Saturday 16 May 2009

Braemar reports record results

(May 15 2009)

Last Monday, UK listed shipping services group Braemar reported the best set of annual results in its history.

Pre-tax profit before amortisation was up by 14% to £17.3 mill (2008: £15.2 mill), while pre-tax profit soared by 10% to £16.2 mill (2008: £14.7 mill). Cash generated from operating activities was £21 mill (2008: £21.2 mill).
Cash at 28th February 2009, the end of Braemar’s financial year, was £25.2 mill (29th Feb 2008: £21.6 mill).

The Final dividend paid was 15.5p per share (up 3%) and for the full fiscal year was 24p (2008: 23p) up 4%.

During the year, Braemar increased its diversification policy by adding to its marine services portfolio resulting in the non-broking side of the business accounting for 25% of the group’s operating profits, before amortisation and central costs.

The estimated forward orderbook deliverable in 2009/10 stood at £29 mill ($42 mill, compared to the 2008 fiscal year forward orderbook of £27 mill ($53 mill).
Braemar’s traditional shipbroking arm enjoyed a very strong first half in buoyant markets. However, this situation rapidly changed from August 2008 with the onset of the credit crisis and global recession.

Global trade experienced a significant slowdown in the final calendar quarter of 2008, since when there has been a stabilisation in shipping rates at pre-boom levels. More recently the reduction in oil demand has led to a fall in the demand for tankers.

While there are renegotiations and cancellations taking place of some charters and newbuildings in the wider market place, to date Braemar claimed that its forward order book has not suffered significantly. The group said that it was set to expand the shipbroking office network overseas.
Braemar’s deepsea tanker chartering department continued to grow market share during the year and in combination with the strong freight rates of 2008, the department produced a significant increase in revenue over the financial year.

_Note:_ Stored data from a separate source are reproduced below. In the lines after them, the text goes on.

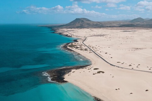 Esta cápsula de paraíso en una carretera con aceras de arena está en el norte de Fuerteventura y atraviesa el paraje natural de las dunas de Corralejo. Se llama FV-104 y, por el camino, recorre varias playas salvajes como El Burro o El Moro hasta llegar al pueblo, dejando a un lado un sistema dunar en constante movimiento que me deja alucinando cada día que paso.
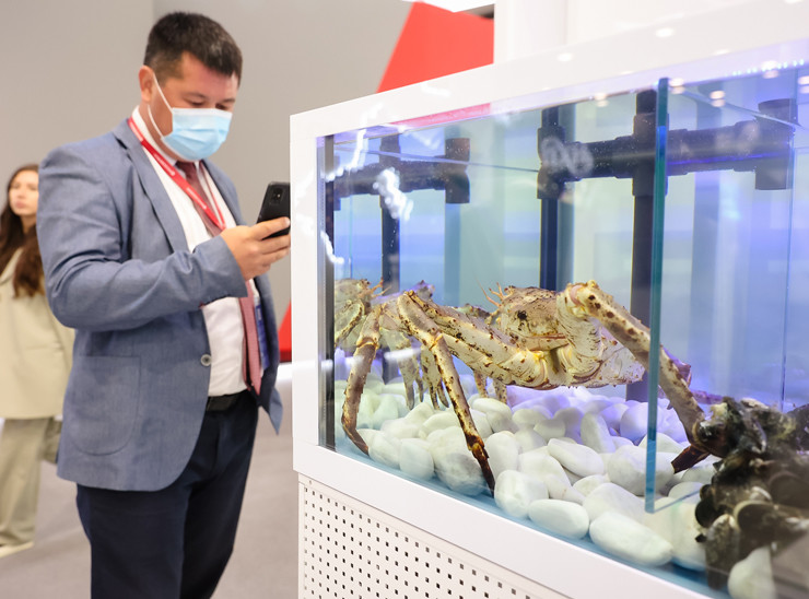 В аквариуме гости форума могут увидеть морских ежей, гребешки и большого камчатского краба
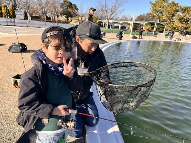 新年最初の釣りは同店田端副店長一家と川越水上公園でのプールトラウトへ。
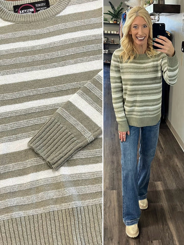 Riley Ribbed Accent Pullover - Evergreen Olive
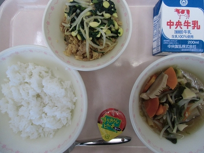 ごはん 牛乳 ビビンバ ワンタンスープ すりおろしピーチ

However, since the beginning of its fiscal year (1st March, 2009), the rates in all sectors have fallen dramatically due to lower demand for crude oil and products as a result of the global economic downturn.

In the LNG sector, Braemar said that it had secured additional consultancy contracts, as well as an increase in broking short-term period and spot shipments. As in the other tanker markets, the overall volumes transported have reduced, but the utilisation of surplus LNG tonnage is expected as and when the larger projects are completed over the next 24 months.

The specialised tanker sections continued to grow their fixing volumes and Braemar is now operating tonnage on the spot markets and under significant oil company contracts throughout northwest and continental Europe. Petrochemical gas and LPG shipping rates remained consistent during the past year but the excess tonnage in relation to the requirement has diminished the returns for the owners and operators alike.

Braemar took a further step to expand its market position in the VLGC sector by establishing Braemar LPG Connect as a gas product broking business. Together with dedicated VLGC brokers, volumes were expected to grow in this segment.